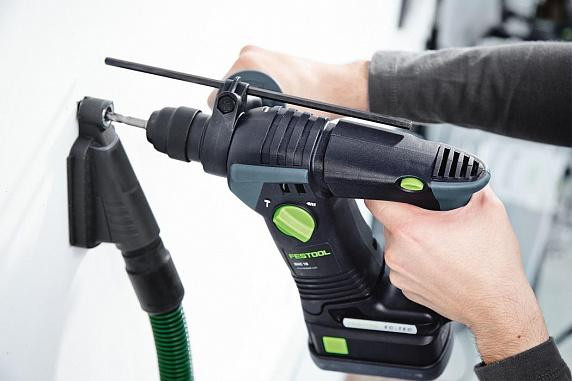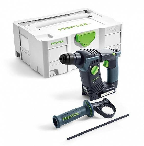 Аккумуляторный перфоратор BHC 18 Li-Basic Festool (1 шт) Дополнительная рукоятка (1шт) ограничитель глубины (1шт) Обрезиненные рамки для аккумуляторов (2 шт) Без аккумулятора
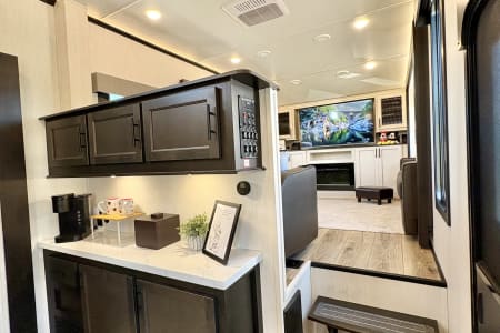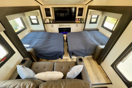 -Living Area: Front living area with two tri‑fold sleeper sofas and theater seating, plus entertainment center and fireplace
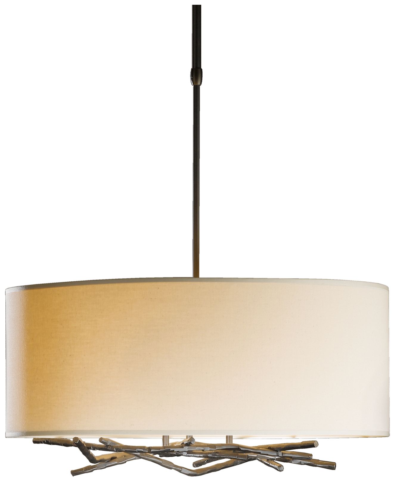 Brindille 22" Wide Dark Smoke Pendant With Drum Flax Shade
====
## WORK ORDER
Up to and including the line with "-Living Area: Front", copy the data above from its first line. Skip pictures.

## REPLY
 Аккумуляторный перфоратор BHC 18 Li-Basic Festool (1 шт) Дополнительная рукоятка (1шт) ограничитель глубины (1шт) Обрезиненные рамки для аккумуляторов (2 шт) Без аккумулятора
 -Living Area: Front living area with two tri‑fold sleeper sofas and theater seating, plus entertainment center and fireplace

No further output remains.